Brief: From the material below, return exactly the lines starting at the one that holds "En la figura" and ending at the one that holds "現時点で全70話以上に及ぶ大". Pictures stay out of the answer.

The input:

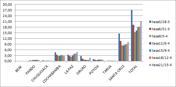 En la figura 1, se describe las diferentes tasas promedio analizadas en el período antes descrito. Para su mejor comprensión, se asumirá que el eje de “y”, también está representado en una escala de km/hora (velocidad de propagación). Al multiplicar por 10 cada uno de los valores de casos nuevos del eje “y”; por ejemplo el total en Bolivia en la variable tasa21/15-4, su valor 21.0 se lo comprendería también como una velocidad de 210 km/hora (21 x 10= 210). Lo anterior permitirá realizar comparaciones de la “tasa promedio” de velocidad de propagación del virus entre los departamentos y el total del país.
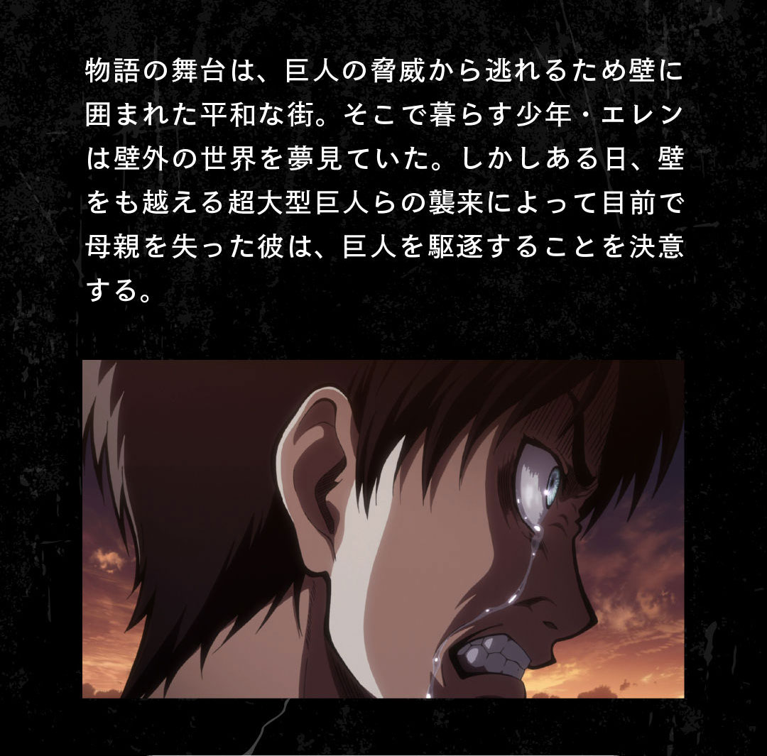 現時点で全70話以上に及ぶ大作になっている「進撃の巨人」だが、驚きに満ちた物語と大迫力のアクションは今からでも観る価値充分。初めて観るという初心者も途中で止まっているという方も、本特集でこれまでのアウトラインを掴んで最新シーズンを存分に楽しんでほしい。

--

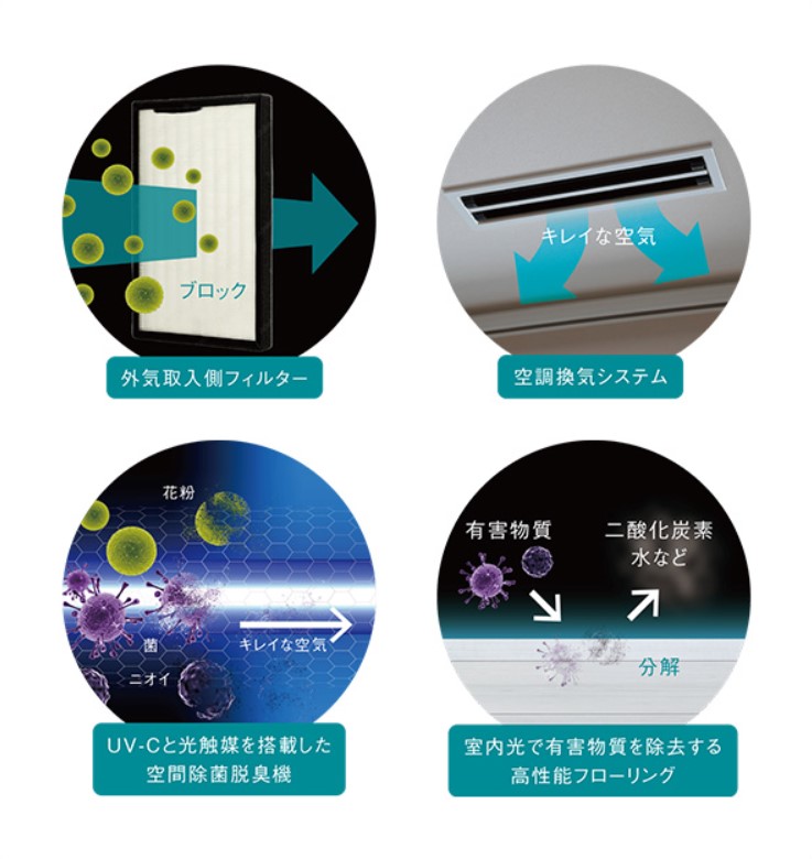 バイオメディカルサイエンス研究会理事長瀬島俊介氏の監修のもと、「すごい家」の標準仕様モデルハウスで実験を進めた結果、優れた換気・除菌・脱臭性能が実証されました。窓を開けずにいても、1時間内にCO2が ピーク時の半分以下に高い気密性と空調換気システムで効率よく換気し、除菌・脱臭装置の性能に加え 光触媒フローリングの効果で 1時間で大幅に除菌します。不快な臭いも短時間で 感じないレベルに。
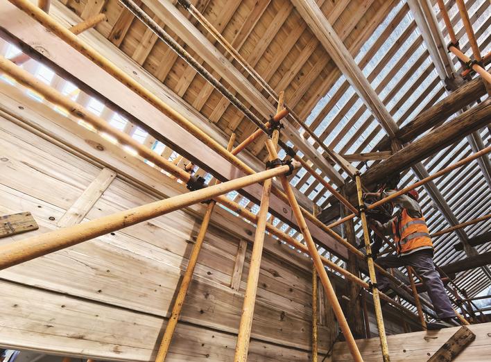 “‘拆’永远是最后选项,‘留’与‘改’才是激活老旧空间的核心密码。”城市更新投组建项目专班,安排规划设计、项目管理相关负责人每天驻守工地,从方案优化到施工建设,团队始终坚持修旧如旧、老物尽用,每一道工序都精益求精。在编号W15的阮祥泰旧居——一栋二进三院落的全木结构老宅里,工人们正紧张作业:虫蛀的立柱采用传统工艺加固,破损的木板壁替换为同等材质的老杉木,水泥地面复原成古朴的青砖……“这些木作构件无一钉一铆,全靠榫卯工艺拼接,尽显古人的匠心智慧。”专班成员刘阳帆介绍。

Task solution:
 En la figura 1, se describe las diferentes tasas promedio analizadas en el período antes descrito. Para su mejor comprensión, se asumirá que el eje de “y”, también está representado en una escala de km/hora (velocidad de propagación). Al multiplicar por 10 cada uno de los valores de casos nuevos del eje “y”; por ejemplo el total en Bolivia en la variable tasa21/15-4, su valor 21.0 se lo comprendería también como una velocidad de 210 km/hora (21 x 10= 210). Lo anterior permitirá realizar comparaciones de la “tasa promedio” de velocidad de propagación del virus entre los departamentos y el total del país.
 現時点で全70話以上に及ぶ大作になっている「進撃の巨人」だが、驚きに満ちた物語と大迫力のアクションは今からでも観る価値充分。初めて観るという初心者も途中で止まっているという方も、本特集でこれまでのアウトラインを掴んで最新シーズンを存分に楽しんでほしい。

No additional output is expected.